§ Assignment
Return the records exactly as they stand, and keep the pictures out of the copy.

Dataset items:
-------------------------
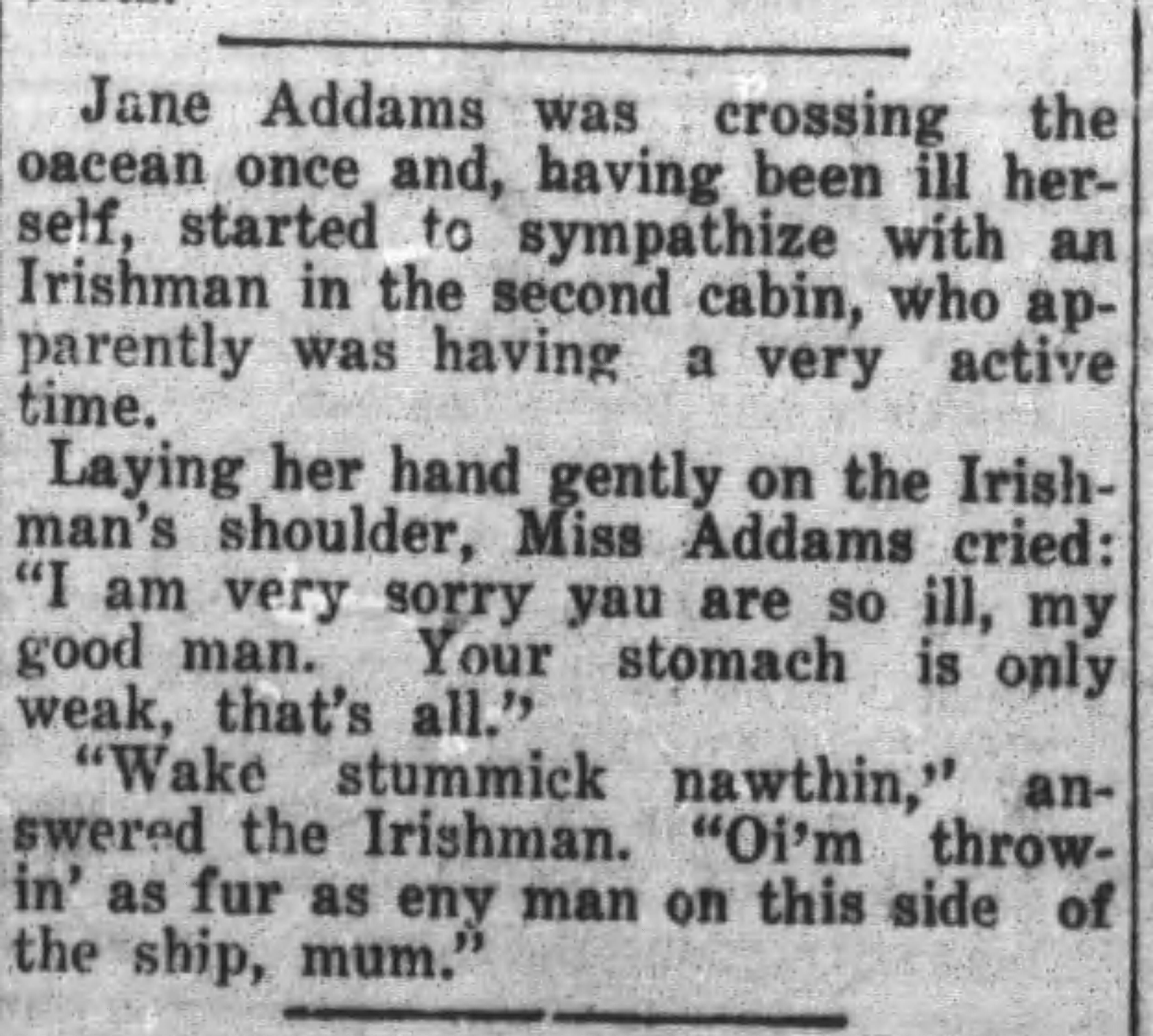Jane Addams was crossing the [ocean] once and, having been ill herself, started to sympathize with an Irishman in the second cabin, who apparently was having a very active time.
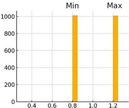 - The Min and Max values are constant (0.8 and 1.2, respectively), which implies they can only be used as cut-offs for other values during further analysis.
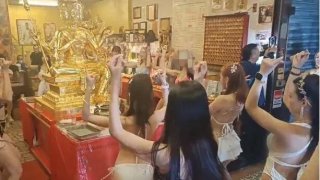 งานแก้บนครั้งใหญ่ในไต้หวัน..สาวฮอตใส่บิกินี่กว่า 50 คน เต้นหน้าพระพรหม
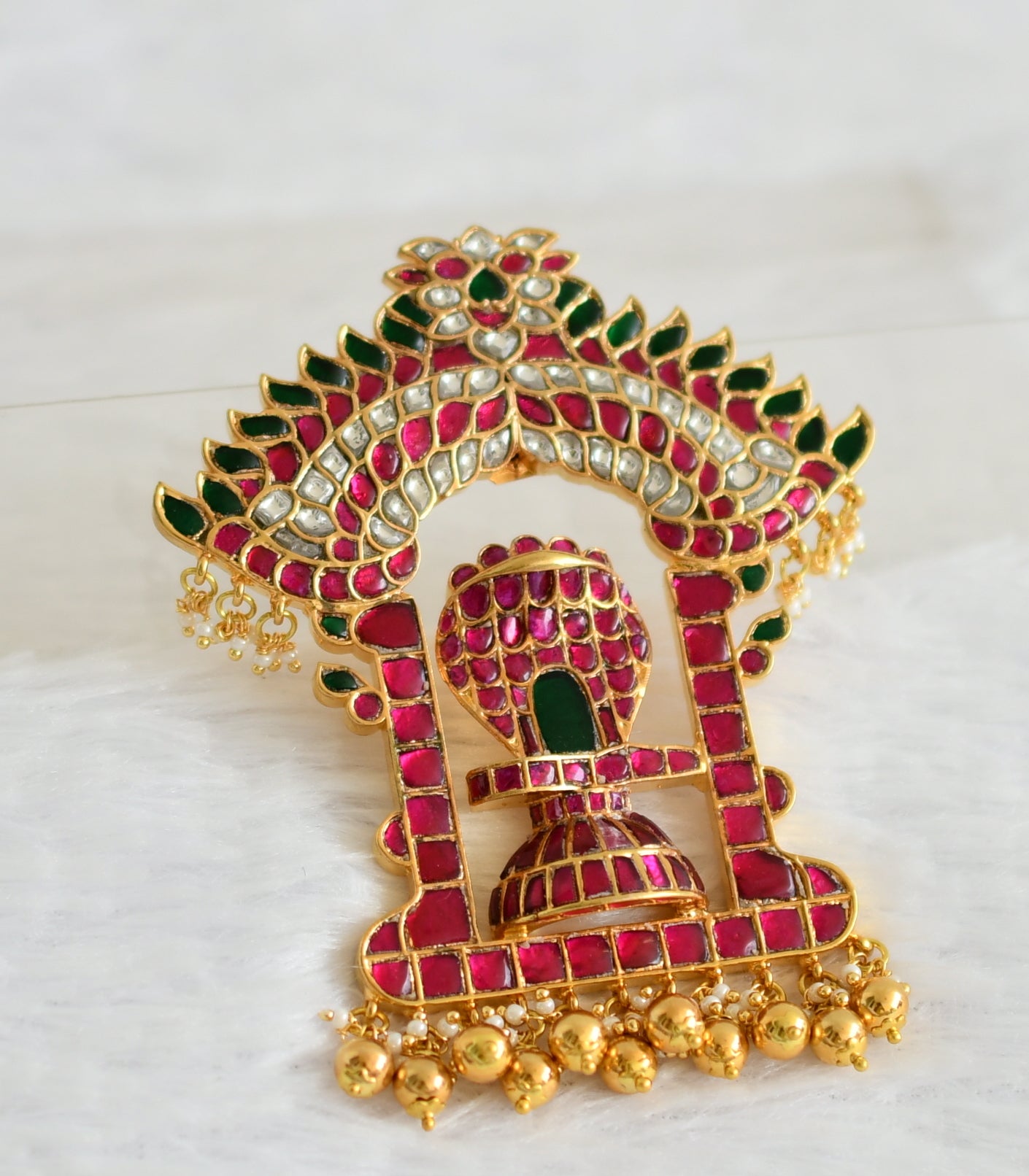 Gold tone pink-green-white kundan jadau sri lingeshwar pendant dj-50673
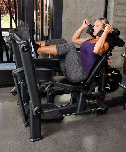 真正专注于臀部训练。坐姿推举机具有弧形运 动轨迹、大型脚踏板和可调节背垫,以提供最 佳对齐和激活效果。
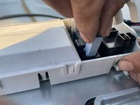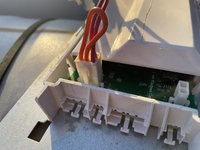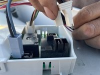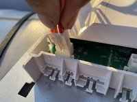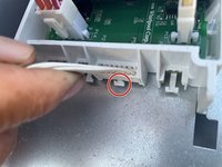 Use the new circuit to put in the board. Ensure the two white hooks are connected to the metal base.
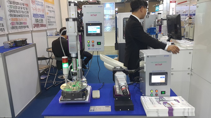 한국기계전에 참가한 한신로보테크는 태핑머신, 태핑센터를 선보였다. 태핑센터(미니) HTC500 모델은 초정밀 태핑을 위해 설계된 소형 사이즈로 드릴, 태핑, 엔드밀, 커팅 등의 기본 기능에 전체 서보 모터(x, y, z축)로 구성되어 성능이 우수하며 휴대폰, 자동차, 전기전자, 통신, 금형부품 등에서 높은 기능을 발휘한다.
-------------------------
§ Answer box
Jane Addams was crossing the [ocean] once and, having been ill herself, started to sympathize with an Irishman in the second cabin, who apparently was having a very active time.
 - The Min and Max values are constant (0.8 and 1.2, respectively), which implies they can only be used as cut-offs for other values during further analysis.
 งานแก้บนครั้งใหญ่ในไต้หวัน..สาวฮอตใส่บิกินี่กว่า 50 คน เต้นหน้าพระพรหม
 Gold tone pink-green-white kundan jadau sri lingeshwar pendant dj-50673
 真正专注于臀部训练。坐姿推举机具有弧形运 动轨迹、大型脚踏板和可调节背垫,以提供最 佳对齐和激活效果。
 Use the new circuit to put in the board. Ensure the two white hooks are connected to the metal base.
 한국기계전에 참가한 한신로보테크는 태핑머신, 태핑센터를 선보였다. 태핑센터(미니) HTC500 모델은 초정밀 태핑을 위해 설계된 소형 사이즈로 드릴, 태핑, 엔드밀, 커팅 등의 기본 기능에 전체 서보 모터(x, y, z축)로 구성되어 성능이 우수하며 휴대폰, 자동차, 전기전자, 통신, 금형부품 등에서 높은 기능을 발휘한다.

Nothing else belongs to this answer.